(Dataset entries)
• • • •
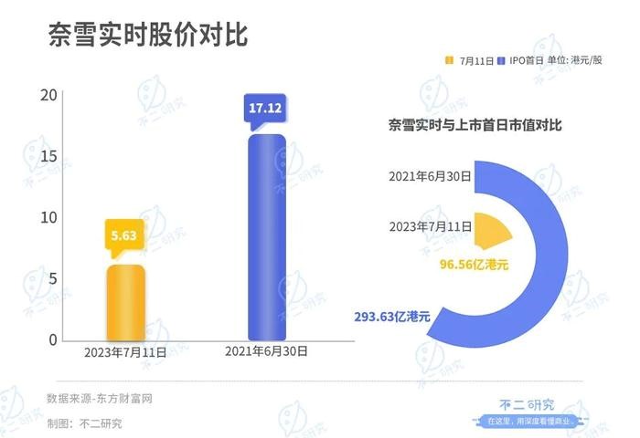今年3月份,奈雪公布2022年年报,年报公布后的首个交易日,奈雪股价上涨16.94%,可惜好景维持不长,进入7月份,奈雪的股价一度跌至5.63港元/股,约折合人民币5.18元,对应市值96.56亿港元,约折合人民币88.85亿元;对比IPO首日,其市值下跌近200亿港元。
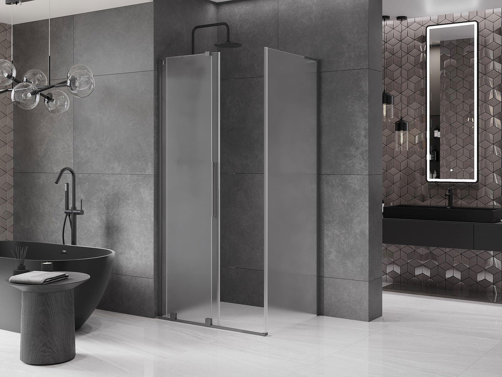 Poignée pratique et confortable en acier inoxydable. La forme moderne associée à une finition assortie à la couleur des profilés confère à l'ensemble un aspect moderne et élégant, soulignant l'esthétique de chaque salle de bain.
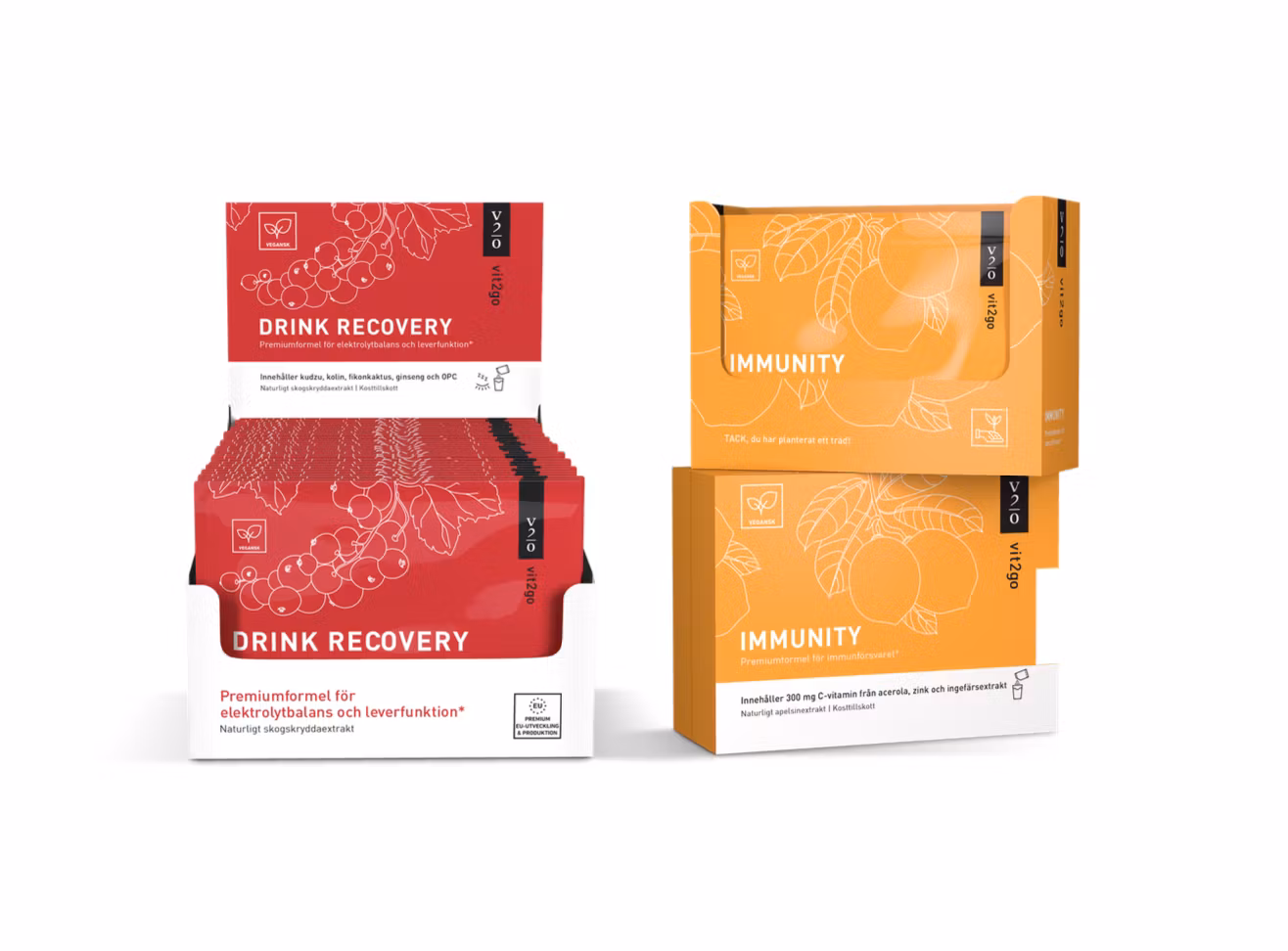 DRINK RECOVERY är din ultimata lösning för återhämtning – den återställer snabbt elektrolytnivåerna efter en utekväll eller ett intensivt träningspass. IMMUNITY stärker kroppens eget försvar och hjälper dig att hålla dig stark och motståndskraftig.
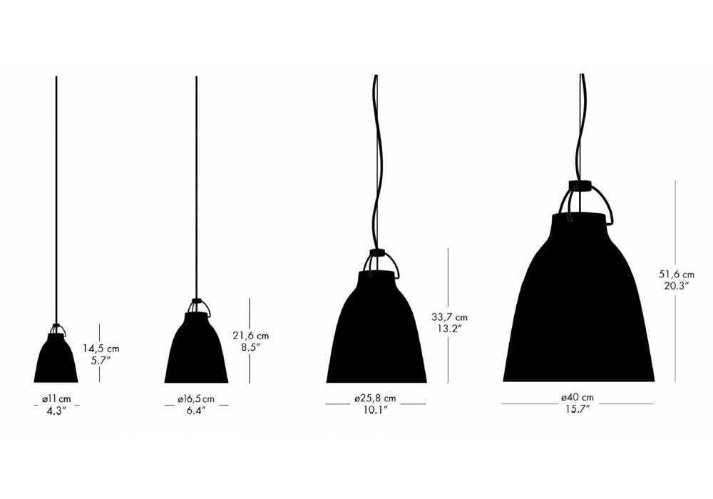 | Dimensions | Ø 11 x H 14.5 cm; Ø 16.5 x H 21.6 cm; Ø 25.8 x H 33.7 cm; Ø 40 x H 51.6 cm. |
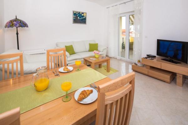 Boravili smo u apartmanu A6 koji je izvrstan, uredan, čist, odlično opremljen i prostran. Domaćin nas je redovito opskrbljivao čistim ručnicima, dobili smo butelju vina i imali smo na raspolaganju domaće grožđe iz vrta s kojim smo se mogli poslužiti. Lokacija objekta je odmah blizu plaže i ima par minuta laganog hoda. Ovaj smještaj bi svima preporučila jer su domaćini divni ljudi, imaju dvoje predivne djece i sami smještaj je isti kao na slikama. Veliki pozdrav iz Slavonskog Broda i još jednom veliko hvala na svemu.. Da ima ocjena 10, Vi bi ju dobili..
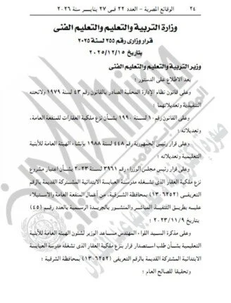 يأتي هذا القرار في إطار جهود الوزارة لتأمين وتطوير المنشآت التعليمية، وضمان استمرارية العملية التعليمية من خلال تسوية الوضع القانوني للأراضي والعقارات المستخدمة كمدارس، مع مراعاة الإجراءات القانونية المنصوص عليها في قوانين نزع الملكية للمنفعة العامة.
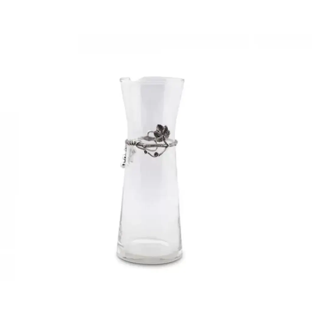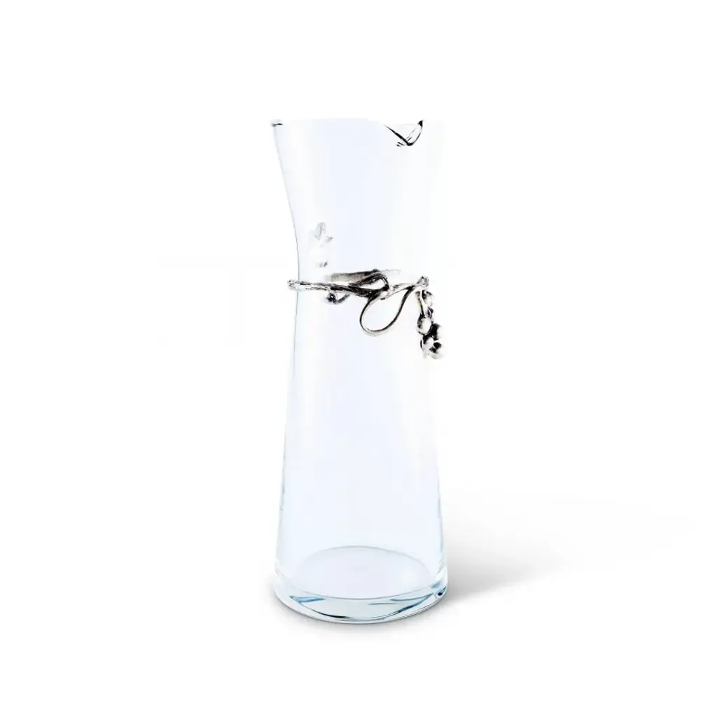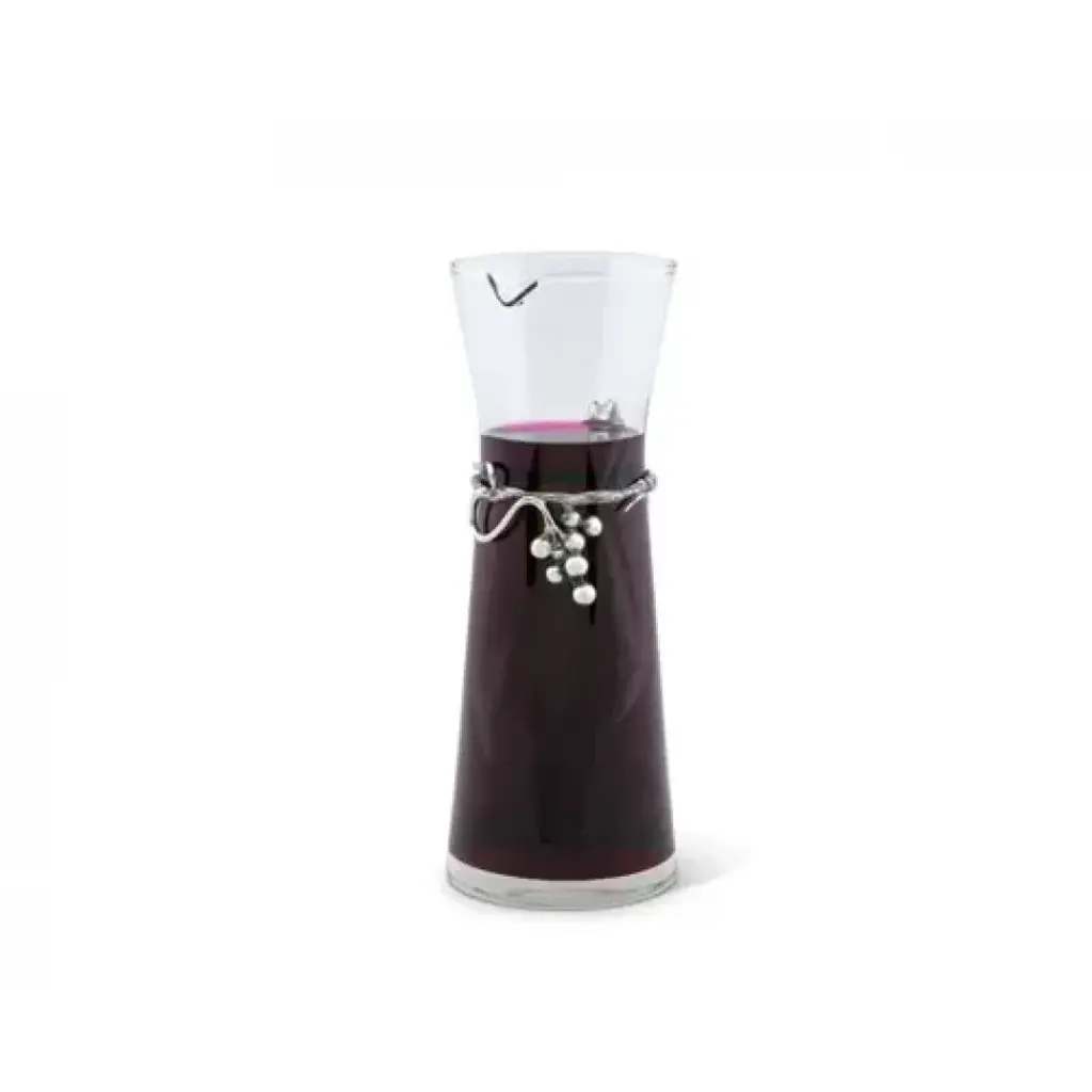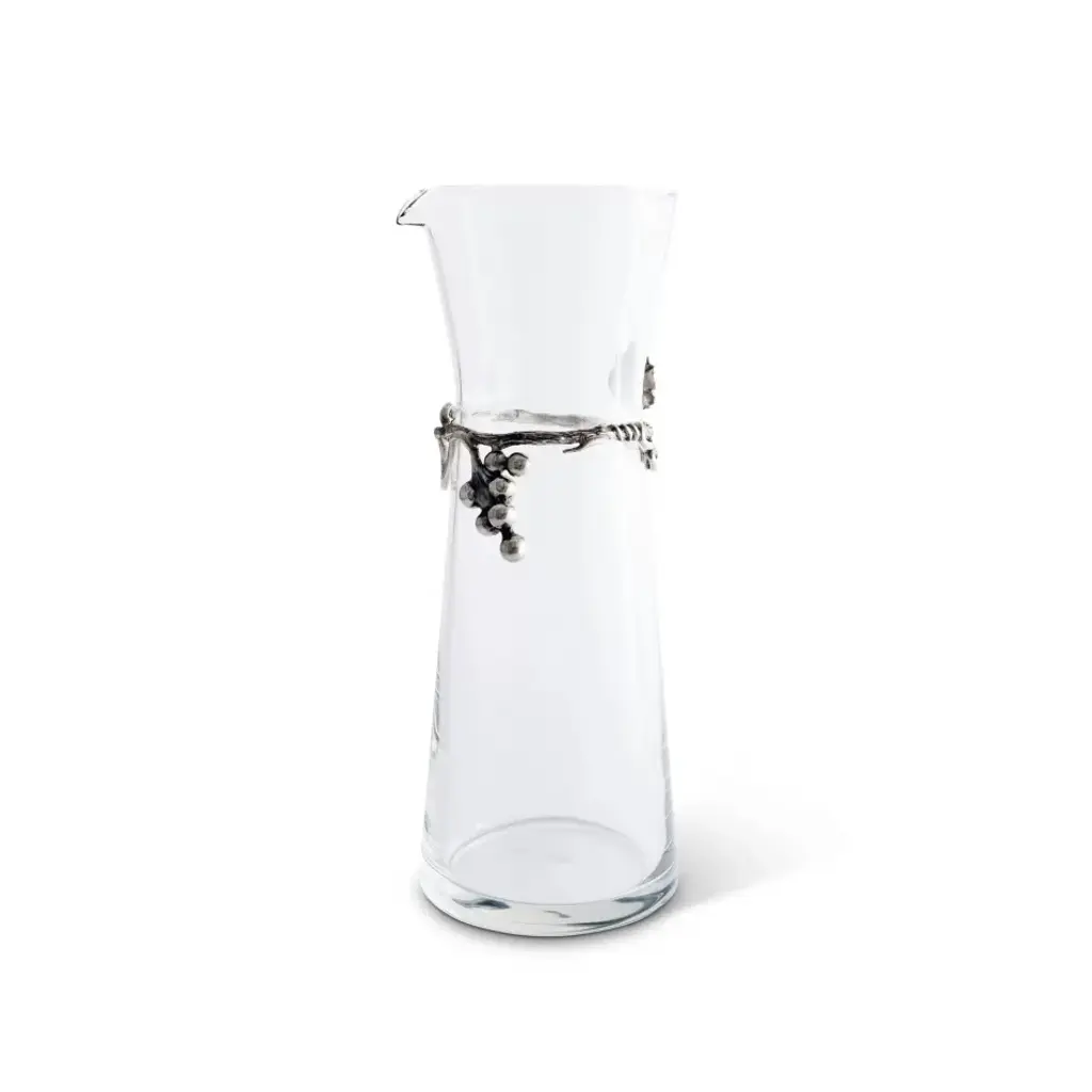 Complement your favorite wine with the sophisticated design of this Vineyard Carafe from Vagabond House. A beautiful vine wraps around the neck of this piece as additional flourishes branch off its line to support bundles of grapes and leaves. Crafted in pure, luxury pewter, the design acts as a necklace of sorts for this elegant carafe. The cylindrical glass opens into a wider mouth, which features a V-shaped rim on one side for easy pouring. Vagabond House is a family-owned American company specializing in fine pewter tableware, servingware and giftware. Largely inspired by nature, their exclusive products are designed to be unique, functional heirlooms for those who seek to express tradition and style in both family and formal entertaining.
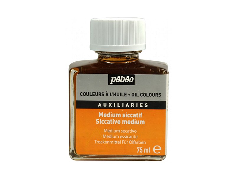Proche du médium hollandais liquide, il offre sensiblement les mêmes possibilités de travail. Le médium siccatif accélère la prise des films, augmente leur résistance et permet un séchage en profondeur. Il amène une légère coloration ambrée. Diluant : essence minérale
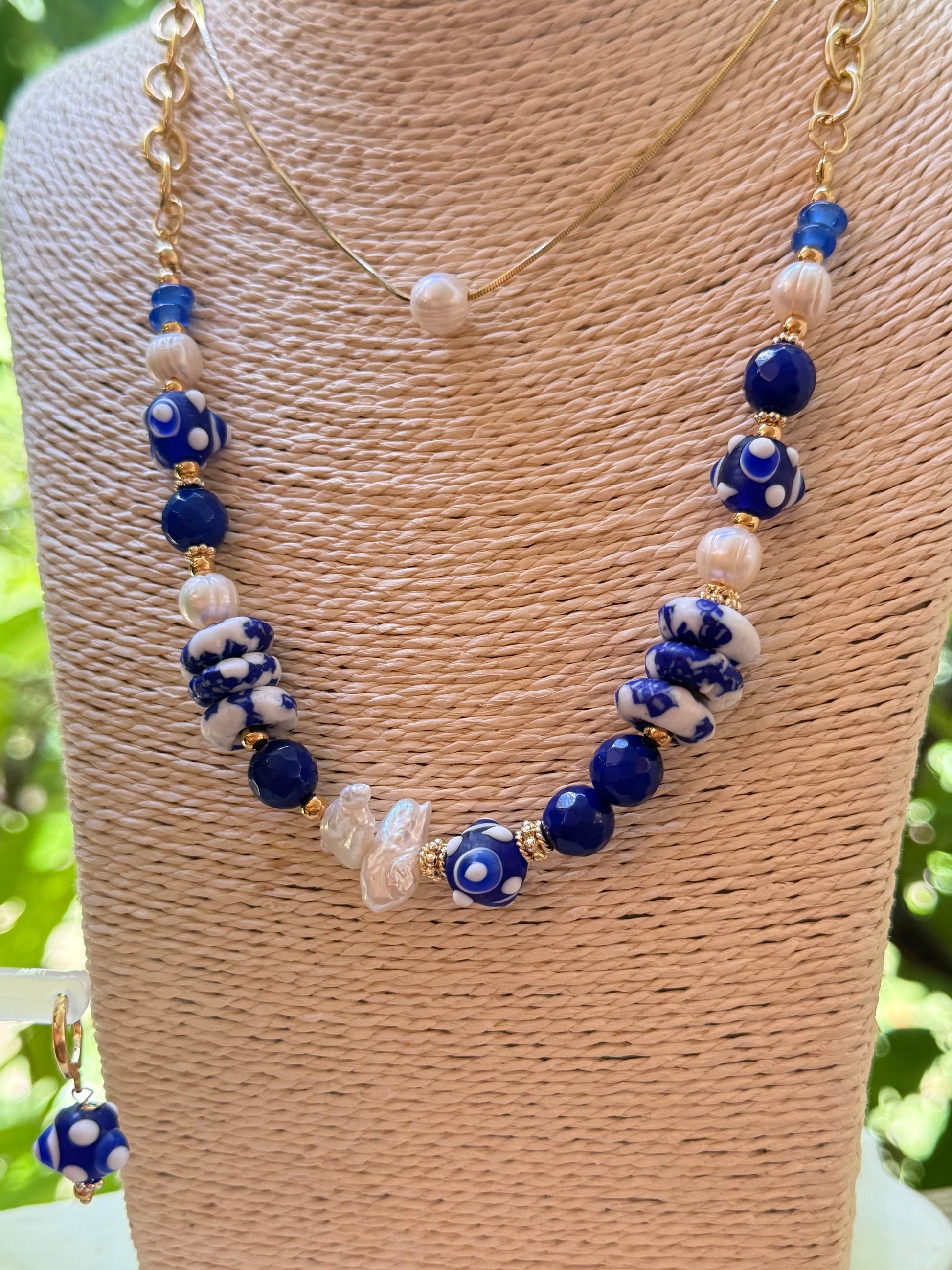 Hermoso collar hecho a mano en piedras africanas, cristal murano , perlas, jade, detalles en baño de oro laminado y cadena en aluminio. Collar mide 18”, puedes llevarlo más corto ya que la cadena es eslabón grande y lo permite. El collar de hilo con estrella de vidrio. En hilo azul es ajustable. Pulseras son ajustables. Se venden individuales y aretes en combinación estilo Huggies alambradas en cristales murano
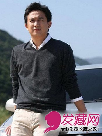 这一款休闲发型带着一种很温暖的感觉,黑色V字衫与白色衬衫,无比儒雅,无比绅士
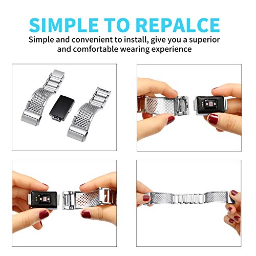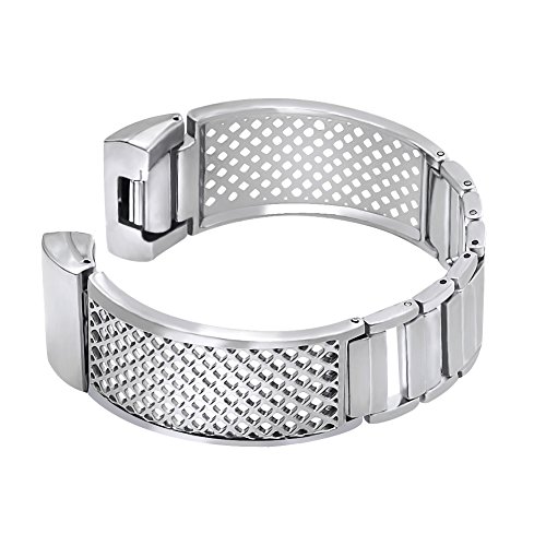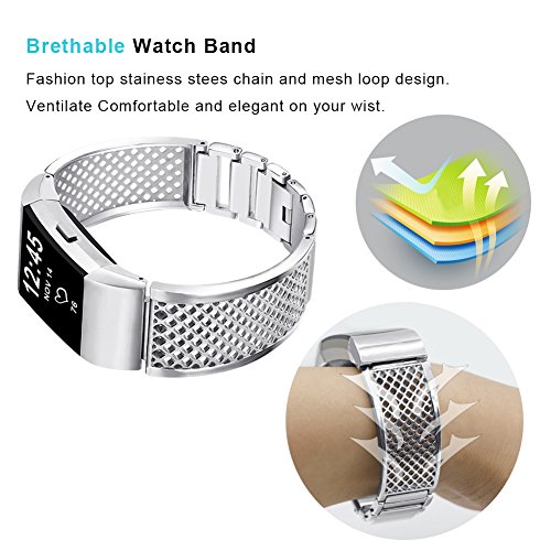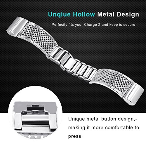 TENGL Fitbit Charge 2 Bands Bangle Metal Accessory Replacement Pierced Breathable Bracelet with Tools Adjustable Length- Durable Closing Clasp Wristbands for Fitbit Charge 2
• • • •
EXERCISE OBJECTIVE: Set down word for word the lines from the first entry through the line with "يأتي هذا القرار", both included, omitting pictures.

YOUR RESPONSE:
今年3月份,奈雪公布2022年年报,年报公布后的首个交易日,奈雪股价上涨16.94%,可惜好景维持不长,进入7月份,奈雪的股价一度跌至5.63港元/股,约折合人民币5.18元,对应市值96.56亿港元,约折合人民币88.85亿元;对比IPO首日,其市值下跌近200亿港元。
 Poignée pratique et confortable en acier inoxydable. La forme moderne associée à une finition assortie à la couleur des profilés confère à l'ensemble un aspect moderne et élégant, soulignant l'esthétique de chaque salle de bain.
 DRINK RECOVERY är din ultimata lösning för återhämtning – den återställer snabbt elektrolytnivåerna efter en utekväll eller ett intensivt träningspass. IMMUNITY stärker kroppens eget försvar och hjälper dig att hålla dig stark och motståndskraftig.
 | Dimensions | Ø 11 x H 14.5 cm; Ø 16.5 x H 21.6 cm; Ø 25.8 x H 33.7 cm; Ø 40 x H 51.6 cm. |
 Boravili smo u apartmanu A6 koji je izvrstan, uredan, čist, odlično opremljen i prostran. Domaćin nas je redovito opskrbljivao čistim ručnicima, dobili smo butelju vina i imali smo na raspolaganju domaće grožđe iz vrta s kojim smo se mogli poslužiti. Lokacija objekta je odmah blizu plaže i ima par minuta laganog hoda. Ovaj smještaj bi svima preporučila jer su domaćini divni ljudi, imaju dvoje predivne djece i sami smještaj je isti kao na slikama. Veliki pozdrav iz Slavonskog Broda i još jednom veliko hvala na svemu.. Da ima ocjena 10, Vi bi ju dobili..
 يأتي هذا القرار في إطار جهود الوزارة لتأمين وتطوير المنشآت التعليمية، وضمان استمرارية العملية التعليمية من خلال تسوية الوضع القانوني للأراضي والعقارات المستخدمة كمدارس، مع مراعاة الإجراءات القانونية المنصوص عليها في قوانين نزع الملكية للمنفعة العامة.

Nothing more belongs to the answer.